Sorry that I am slow but NO, they wont go over the alluminum. They are big enough without making them to cover alluminum shafts. We could build a reduction peice but that would add to the weight and with as many guys giving up on the alluminum it hasn't been a high priority. Obviously we would change that thought if the need was greater.
Again sorry that we are not accomodating on that end.


----------



## Kdub (Sep 6, 2010)

It's all good elk. On the upside my buddy is building me some carbons as we speak. I've finally arrived in the 21st century. Can't wait to try the new epeks!


----------



## bowhunt3r4l1f3 (Jan 12, 2011)

Question, is the fiber optic really necessary for these broad heads to function correctly? What chance is there that the blade will deploy in flight? Also there aren't very many in the packaging can you buy the fiber optics separate or should we just look for some generic stuff that will work?


----------



## NHS (Sep 7, 2007)

You can use 50lb monofilament line. If the fiber is not used, the abrupt forward motion of the arrow upon release will cause the head to open....as I understand it.


----------



## elk22hunter (Sep 7, 2007)

bowhunt3r4l1f3 said:


> Question, is the fiber optic really necessary for these broad heads to function correctly?

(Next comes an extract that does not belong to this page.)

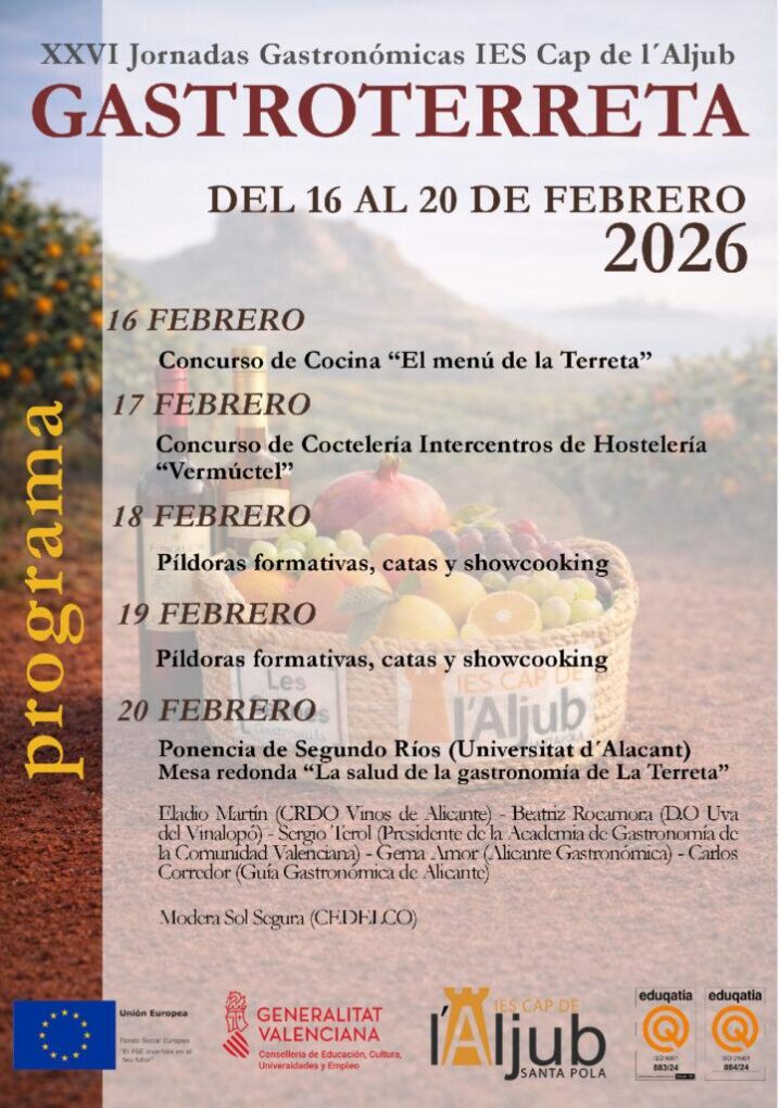 Del 16 al 20 de febrero se celebra la vigésimosexta edición de las Jornadas Gastronómicas del IES Cap de l’Aljub de Santa Pola, un centro que el concejal de Educación, Óscar Valenzuela, ha calificado como “referente provincial gracias al gran trabajo de todo el equipo de este instituto”.
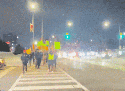 幾百人在知名網紅博主“加拿大光頭日記”帶領下,整個過程秩序井然。抗議者喊着口號,而路過現場的司機,看到震撼的場面也紛紛鳴笛聲援。

What chance is there that the blade will deploy in flight? Also there aren't very many in the packaging can you buy the fiber optics separate or should we just look for some generic stuff that will work?


The heads with the O rings or the newer version with the Mono fiber, will open in flight 100% of the time if those items are not in place. We have done HUGE amounts of testing. The package should have come with 3 extra fibers per head making it 9 fibers per pack.


----------



## tuffluckdriller (May 27, 2009)

What is the price on the new epeks?


----------



## bowhunt3r4l1f3 (Jan 12, 2011)

They were like 42 bucks plus tax for 3 heads.


----------



## PBH (Nov 7, 2007)

I paid $39.95 for 3 heads from SantanaOutdoors.com -- Free shipping. Nice guys down there.


----------